You are viewing limited content. For full access, please sign in.

Question

Question

Stop schedule for workflow?

asked on March 29, 2022

I'm working on a pretty big migration that will take many days to complete. My servers undergo daily backups so I need to be able to pause the running workflow during these maintenance windows. I noticed that when I run my test imports, workflow had up to 9000 or more instances in the "Active" of running. My average completion time for a simple workflow instance is 14 mins. The workflow is querying a database to get metadata and then applying that data and filing away the doc. the Query is the bottleneck and I'm not sure there is much I can do.

My question is how can I set up Workflow to stop processing during a certain time of day, and then pick back up. I'm using Import Agent to bring in the docs and I see the option to only import during scheduled hours, so can I do that with workflow also? 

Thanks.

0 0

Replies

replied on March 29, 2022

Couple of ideas:

1. You can pre-retrieve the database info and generate an xml file.  The xml file will point at the actual content to ingest, but already have the template, metadata, and Laserfiche folder included - ultimately eliminating workflow altogether.  Setup Import Agent to only read xml files in that folder.  I have a .Net C# utility that builds the xml file, if you're interested.

2. If the xml file isn't an option, you can change the workflow to not run when OnCreated, but as a business process.  Import Agent can get content into the repository, and then you run the business process manually, on a group of documents of your choosing.

3. 14-min is an awful long time.  Of that time, how long does the query take?  You may want to take that query and analyze it.  If you're using SQL Server, the query analyzer will tell you if you how to optimize it.  You may need to create an index because it sounds like you're doing full-table scans over and over.

4. I always use the Laserfiche API for migrations.  This gives me full control to put things in where I want them, but also allows me to then write a reconciliation routine to ensure everything got in without having to comb the server event logs for any failures.

1 0
replied on March 29, 2022

Hello Rich, I'm interested in this XML idea. Honestly, I have researched this migration process so much and I keep getting different ideas. For example, option 2 was an idea of mine but a Laserfiche person had told me that the most efficient way to run the migration was what I'm doing. Import them all and run a Workflow on document creation. Something about the multithreading the WF could do would maximize speed. 

14 minutes is a long time. I have actually brought that down from 25 minutes by moving the DB I was querying to the LF server's SQL server. The query is what takes the most time but if I run the workflow on 1 document myself, it's very fast. I think it has something to do with the fact that over 9000 workflows are "running". So the start happens but the query is backed up. I'm not sure how many concurrent queries can happen at one time but it's sure not a lot. MY guess is the query doesn't actually take that long, that is just the amount of time between the start of WF and when the query actually gets run. 

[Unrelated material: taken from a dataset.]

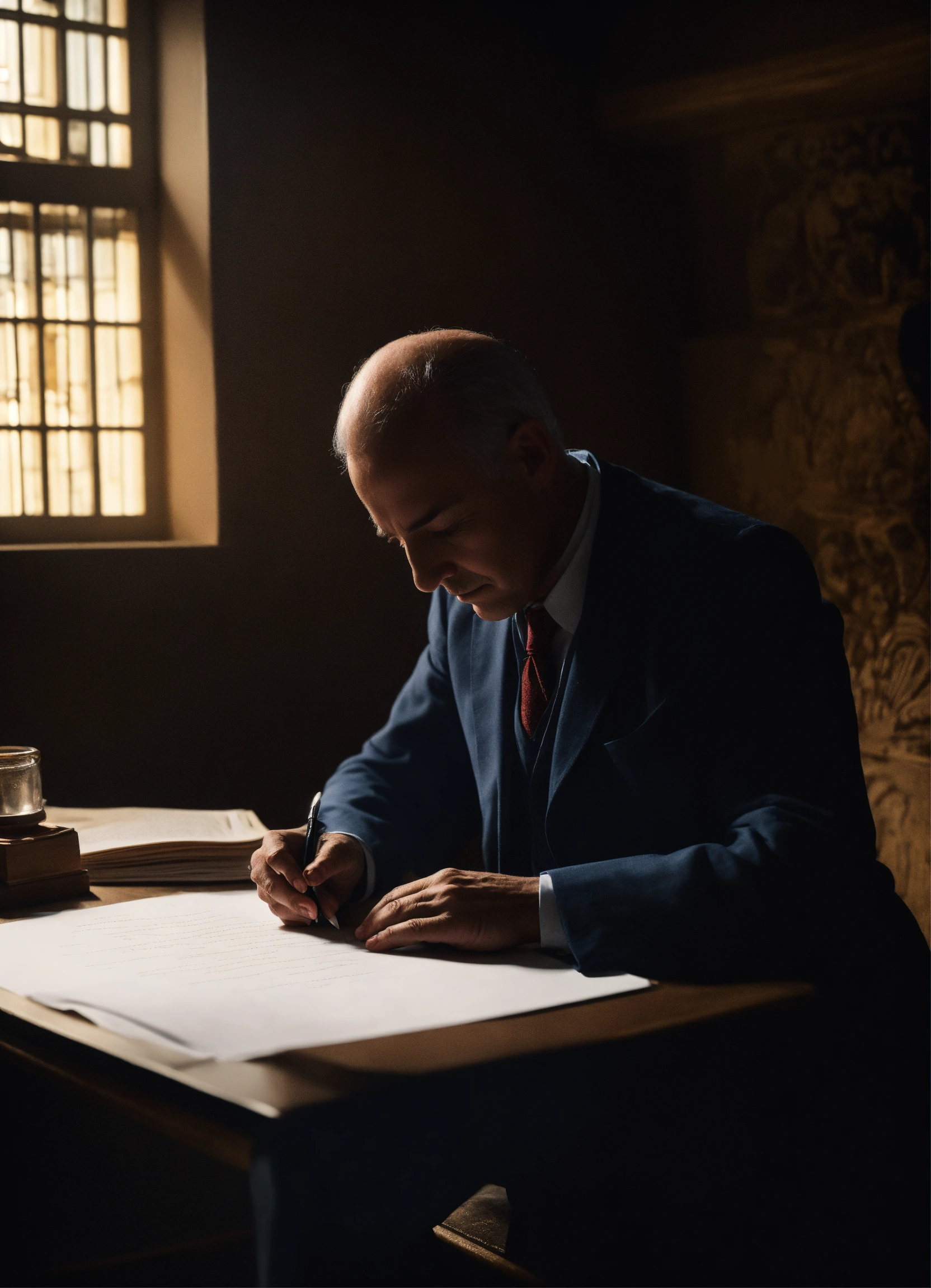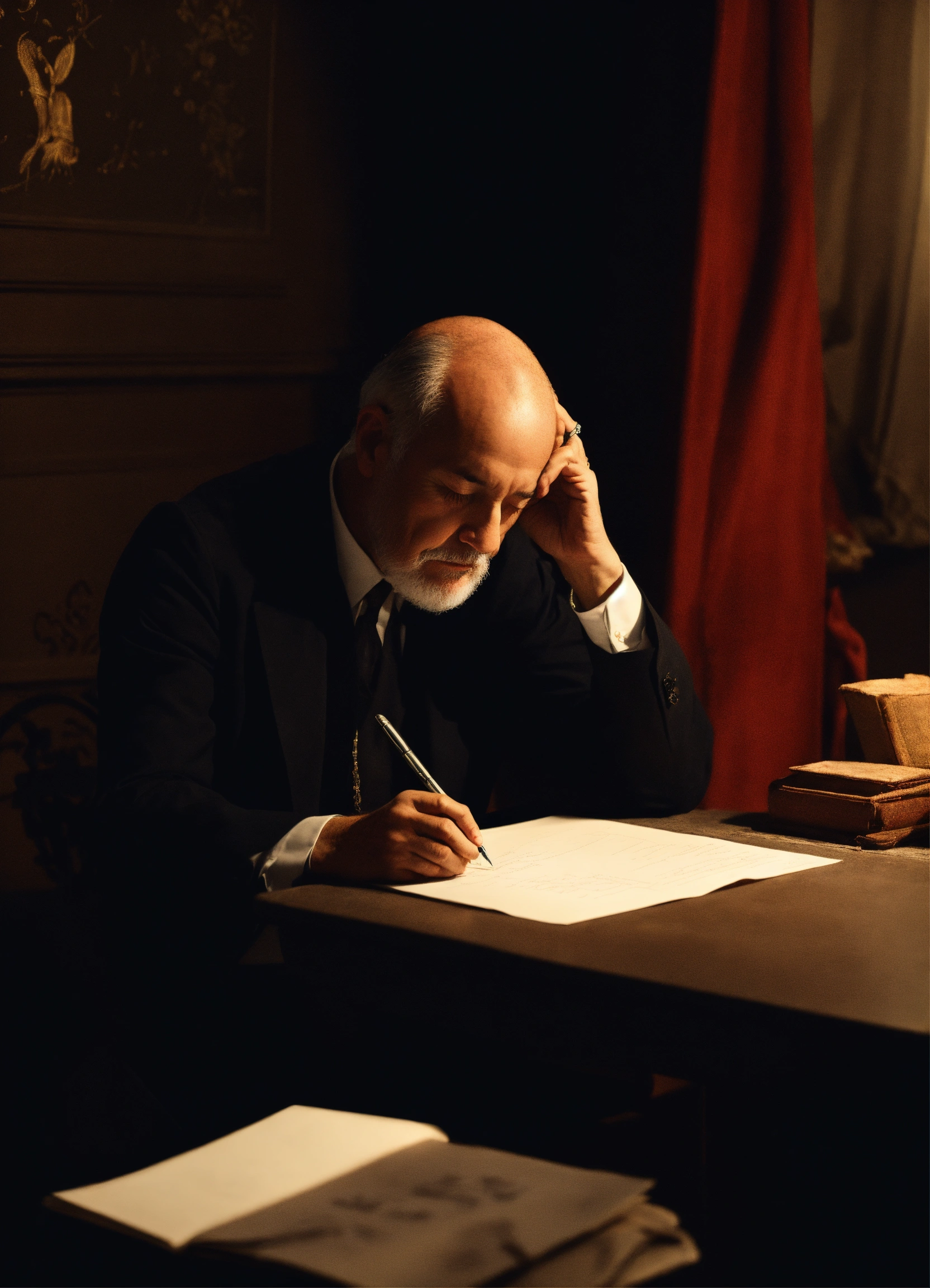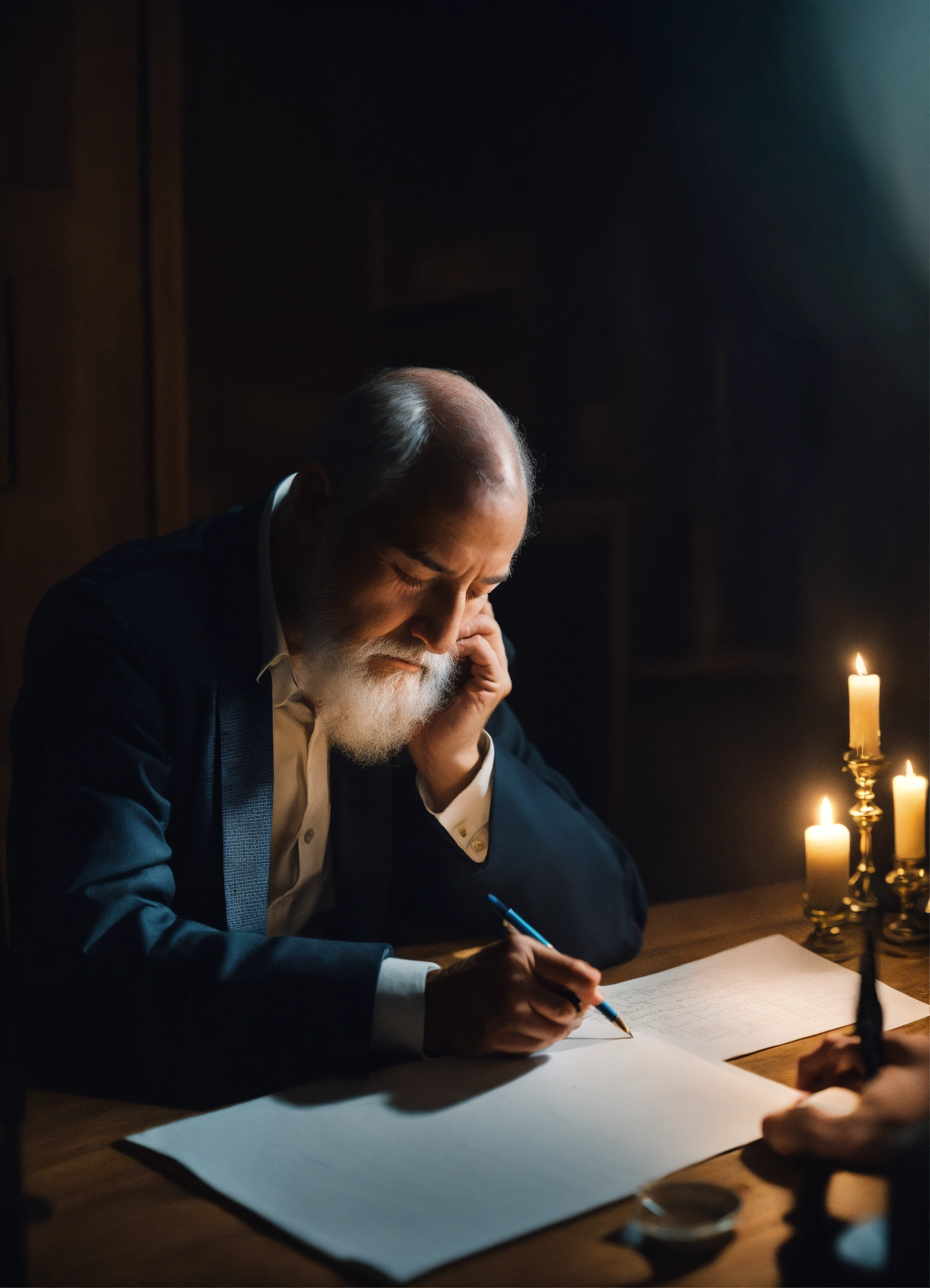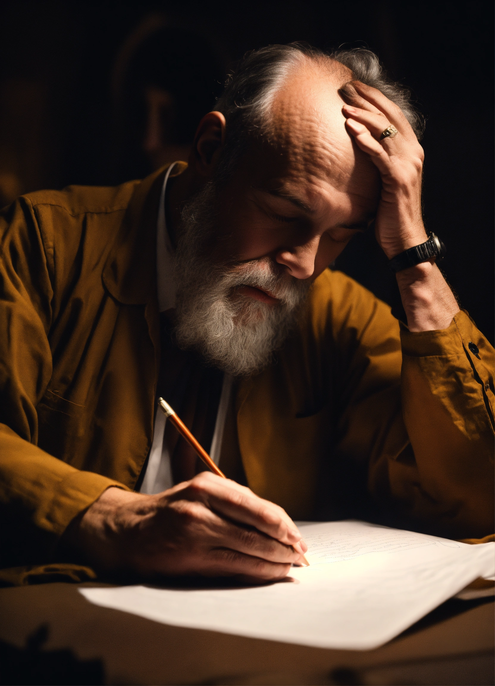 A person from the last century in a dark room sitting writing on a sheet of paper holding his forehead in the other hand with his eyes closed in the middle of a psychographic mediumship session, 4k

A backup of the DB I need to query was 40GB so it's large. I'm expecting this migration to take just under a month which is why I'm looking to find the most efficient way and also ensure it doesn't crash during the daily maintenance window. 

0 0
replied on March 29, 2022

If you have reason to believe the bottleneck is Workflow rather than SQL, you could try going to Advanced Server Options: Activity Performance and clearing "Database Activities" from both the "Run as tasks" and "Run in external process" lists. Will cause Workflow to use more compute resources and may cause your query-bottlenecked instances to run faster/with higher throughput.

If it's an option, I'd also try temporarily giving the Workflow server VM more vCPUs/cores. Workflow can have four concurrently active running instances of a given process per vCPU. For a 4 vCPU instance, this would be 16 of those 9000 invoked Workflows actually firing off their queries and the rest waiting. If Workflow parallelization is the limiting factor, you can expect to see near-linear increases in throughput by increasing vCPU count.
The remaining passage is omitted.